We also need to show that we are human, and we don’t always have the answers. We should show our concerns and share our uncertainties with our team members for a couple of reasons: first, they’ll trust what you say you know because you have no problem with saying you don’t know something; second, opening up will show them that it’s okay for them to do the same.
Next, make clear your appreciation of each person’s intrinsic value. The term “intrinsic value” is an investing term that simply means the actual worth of an asset, not just what it can be bought and sold for. It calls for complex calculations and whatever but when it comes to your team member’s intrinsic value, we’re talking about them as people – what they contribute to the culture or team as well as their job-related results.
Point out something well said, an idea that moves a project forward, even an attempt at a joke to lighten a tense situation. Doing so shows that you appreciate your people for who they are, not just what they can do for the business.

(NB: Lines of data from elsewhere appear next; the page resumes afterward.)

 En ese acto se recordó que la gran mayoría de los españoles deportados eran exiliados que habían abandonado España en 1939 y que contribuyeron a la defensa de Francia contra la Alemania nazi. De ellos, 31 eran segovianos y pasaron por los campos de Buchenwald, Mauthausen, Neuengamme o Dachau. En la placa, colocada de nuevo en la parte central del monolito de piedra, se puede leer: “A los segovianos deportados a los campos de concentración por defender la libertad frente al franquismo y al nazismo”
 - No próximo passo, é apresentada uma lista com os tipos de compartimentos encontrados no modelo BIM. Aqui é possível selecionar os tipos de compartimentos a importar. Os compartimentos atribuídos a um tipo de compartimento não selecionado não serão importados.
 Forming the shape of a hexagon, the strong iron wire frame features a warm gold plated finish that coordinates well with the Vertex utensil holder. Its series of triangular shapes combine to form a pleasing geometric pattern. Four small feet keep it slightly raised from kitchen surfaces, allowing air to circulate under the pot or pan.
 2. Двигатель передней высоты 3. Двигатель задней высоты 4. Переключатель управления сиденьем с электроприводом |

Those are ways to add warmth to your leadership, but they must also be balanced with competence to keep things moving forward. Competence helps you identify a situation, maintain awareness of your surroundings, and provide guidance and stability to navigate the challenges ahead. Competence is often compared to the psychological term “containment”, which refers to setting boundaries and practicing high emotional intelligence.

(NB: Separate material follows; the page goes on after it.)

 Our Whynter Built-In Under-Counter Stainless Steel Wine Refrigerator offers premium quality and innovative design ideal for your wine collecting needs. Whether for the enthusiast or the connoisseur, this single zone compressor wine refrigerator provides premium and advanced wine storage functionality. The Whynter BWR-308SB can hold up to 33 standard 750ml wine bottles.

As a leader, you can exercise this by keeping your team challenged but not overwhelmed, allowing them to accomplish achievements on their own, setting and maintaining standards, and giving team members those much-needed pep talks when emotions get on top of them.
I mentioned balance earlier and that’s critically important. Too much warmth can soften one’s drive for accomplishment, so be warm but don’t pamper. Your compassion should energize your team and help give them a sense of value.
Too much competence can come across as cold and shut people out and even magnify the effects of the stress that they’re dealing with.
As you work to maintain that balance, the next step is to set everyone’s sights on the challenges ahead. As any good sports coach will tell you, the best thing you can do once the team is in rhythm is to give them the challenge to conquer. Fortunately for businesses, we have no shortage of challenges.
A few targets include what you and your team can accomplish in Q1. What part of their process can they improve? How can you collectively tell COVID to shove it and beat last year’s numbers? The options are endless, as is the potential of a team that’s guided by clear and important objectives by a leader with the right mix of warmth and confidence.
By all accounts – or maybe my cautious optimism – 2021 will be the year we beat COVID. Apart from that, everything else is up in the air. It’s up to us to consider every setback as temporary, consider even the smallest victory as a cause for celebration, and to give our teams the strength and confidence to not let this pandemic – or anything – get the best of them.